**Records**
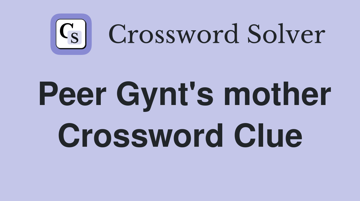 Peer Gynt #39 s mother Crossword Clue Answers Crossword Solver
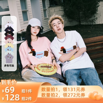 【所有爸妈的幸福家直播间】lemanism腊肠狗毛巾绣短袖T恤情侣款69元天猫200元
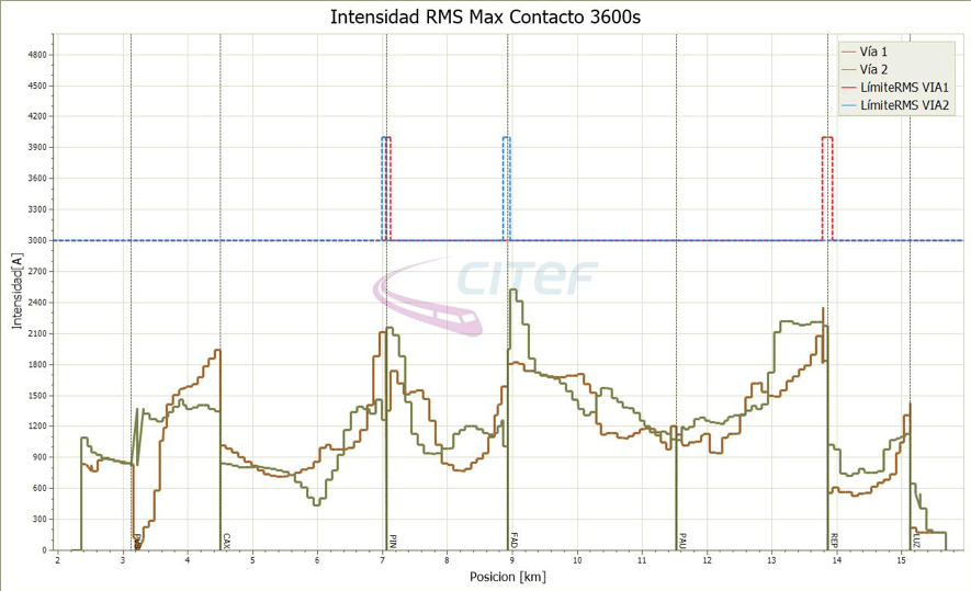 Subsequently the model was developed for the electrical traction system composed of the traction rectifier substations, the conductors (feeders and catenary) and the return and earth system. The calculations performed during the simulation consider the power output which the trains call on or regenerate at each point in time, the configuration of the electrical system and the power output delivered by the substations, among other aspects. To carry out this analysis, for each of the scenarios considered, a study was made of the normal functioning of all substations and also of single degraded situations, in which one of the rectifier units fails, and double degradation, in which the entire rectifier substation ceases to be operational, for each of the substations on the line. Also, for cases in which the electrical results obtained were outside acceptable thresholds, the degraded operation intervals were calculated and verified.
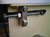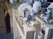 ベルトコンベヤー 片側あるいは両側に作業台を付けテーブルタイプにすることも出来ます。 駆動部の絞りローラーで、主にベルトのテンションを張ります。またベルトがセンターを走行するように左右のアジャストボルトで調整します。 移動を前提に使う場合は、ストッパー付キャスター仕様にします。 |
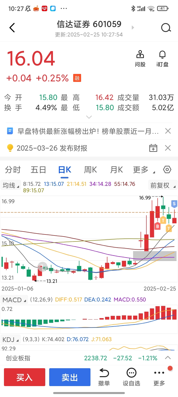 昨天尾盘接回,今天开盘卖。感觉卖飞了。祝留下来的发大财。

---

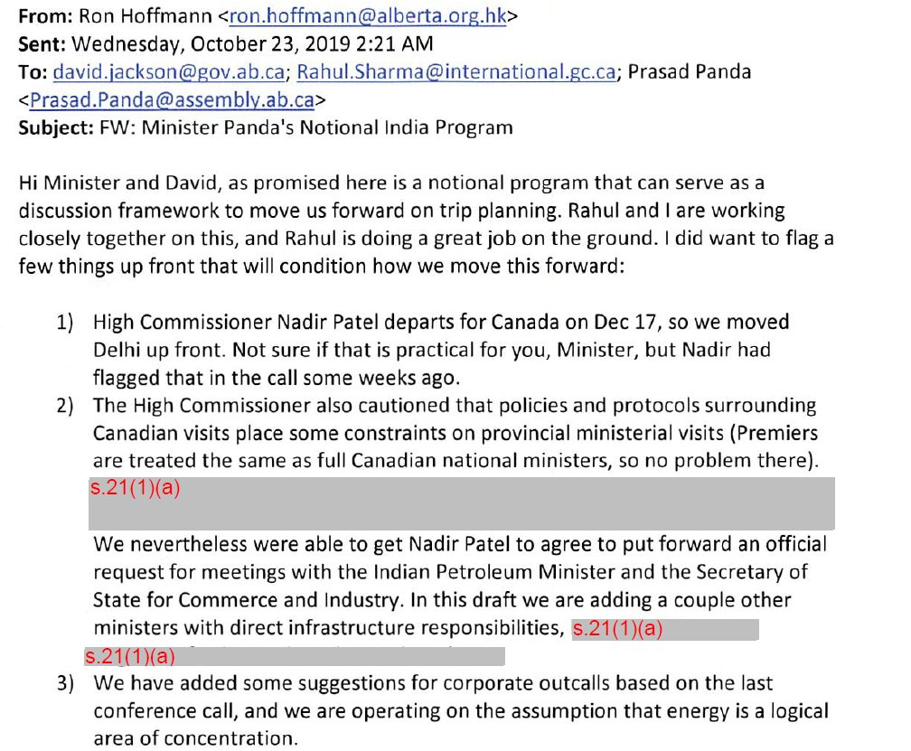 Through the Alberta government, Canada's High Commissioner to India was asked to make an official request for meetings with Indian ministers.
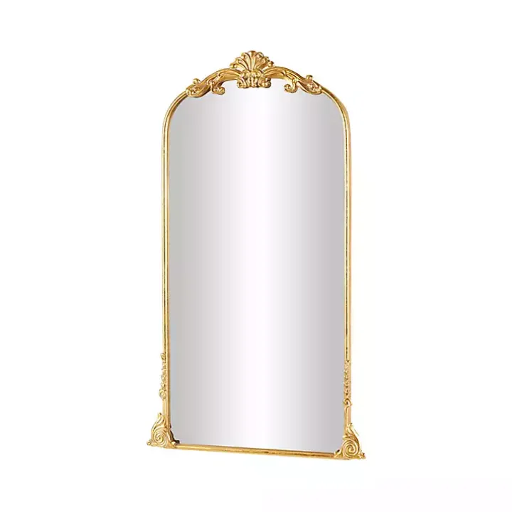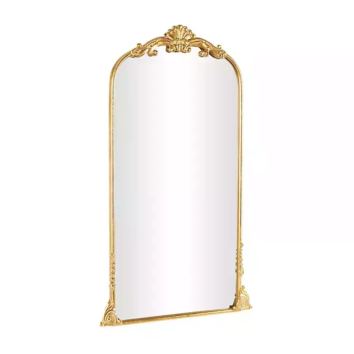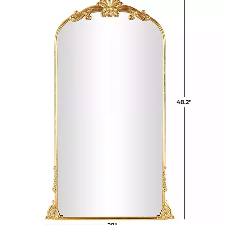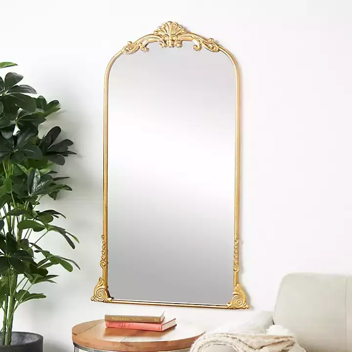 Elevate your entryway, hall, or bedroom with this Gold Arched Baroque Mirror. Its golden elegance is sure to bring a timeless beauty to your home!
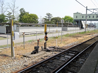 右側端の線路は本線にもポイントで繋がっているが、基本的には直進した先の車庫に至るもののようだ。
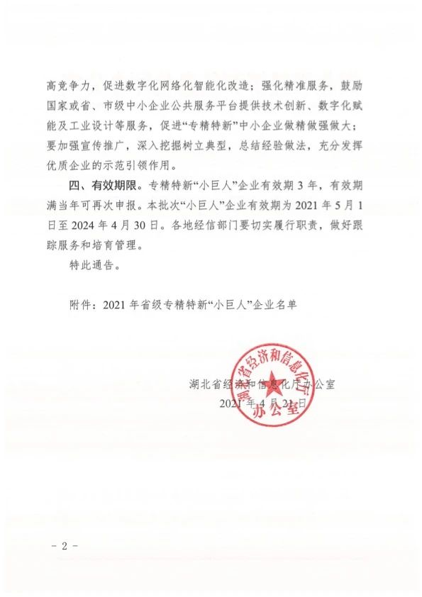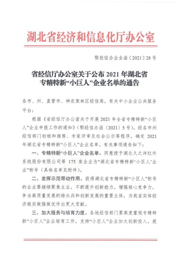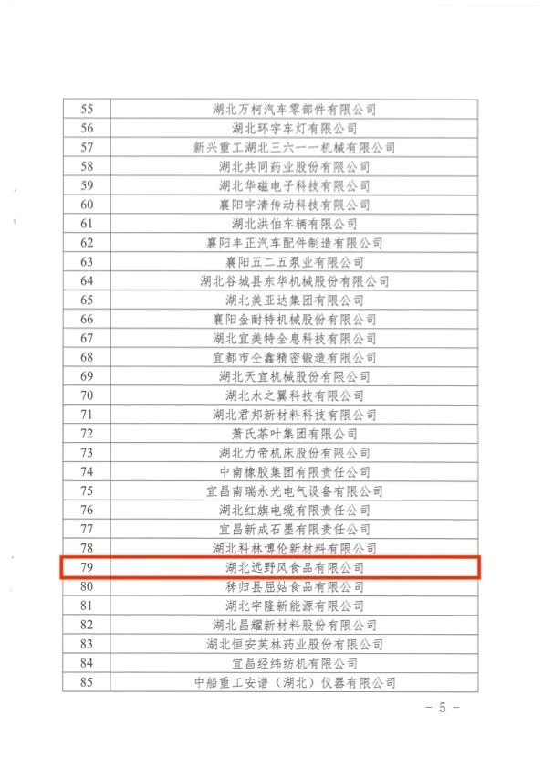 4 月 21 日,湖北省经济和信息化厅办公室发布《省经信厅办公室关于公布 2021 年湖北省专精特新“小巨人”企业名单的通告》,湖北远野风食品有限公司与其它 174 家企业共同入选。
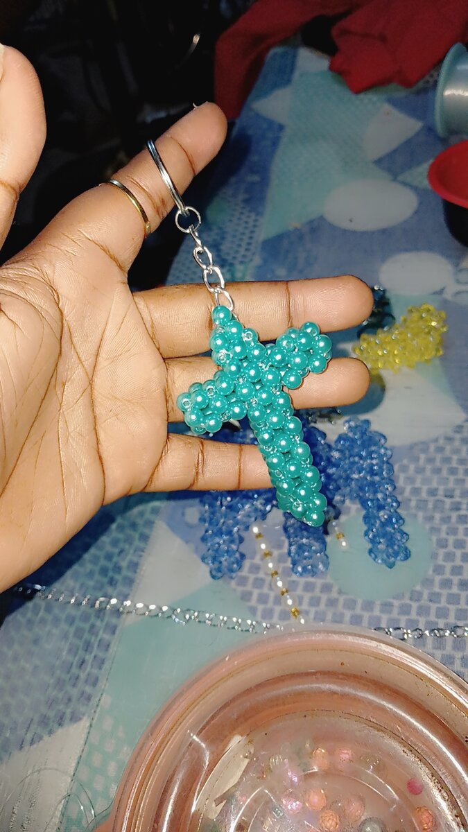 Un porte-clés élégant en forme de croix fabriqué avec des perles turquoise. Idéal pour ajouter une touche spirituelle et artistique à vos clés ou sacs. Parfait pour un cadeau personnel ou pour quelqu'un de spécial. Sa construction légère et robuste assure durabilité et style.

**What to produce**
Transcribe, word for word, the lines of the listing above from the one that contains "Through the Alberta" through the one that contains "Un porte-clés élégant", keeping both ends and dropping the pictures.

**Result of the exercise**
 Through the Alberta government, Canada's High Commissioner to India was asked to make an official request for meetings with Indian ministers.
 Elevate your entryway, hall, or bedroom with this Gold Arched Baroque Mirror. Its golden elegance is sure to bring a timeless beauty to your home!
 右側端の線路は本線にもポイントで繋がっているが、基本的には直進した先の車庫に至るもののようだ。
 4 月 21 日,湖北省经济和信息化厅办公室发布《省经信厅办公室关于公布 2021 年湖北省专精特新“小巨人”企业名单的通告》,湖北远野风食品有限公司与其它 174 家企业共同入选。
 Un porte-clés élégant en forme de croix fabriqué avec des perles turquoise. Idéal pour ajouter une touche spirituelle et artistique à vos clés ou sacs. Parfait pour un cadeau personnel ou pour quelqu'un de spécial. Sa construction légère et robuste assure durabilité et style.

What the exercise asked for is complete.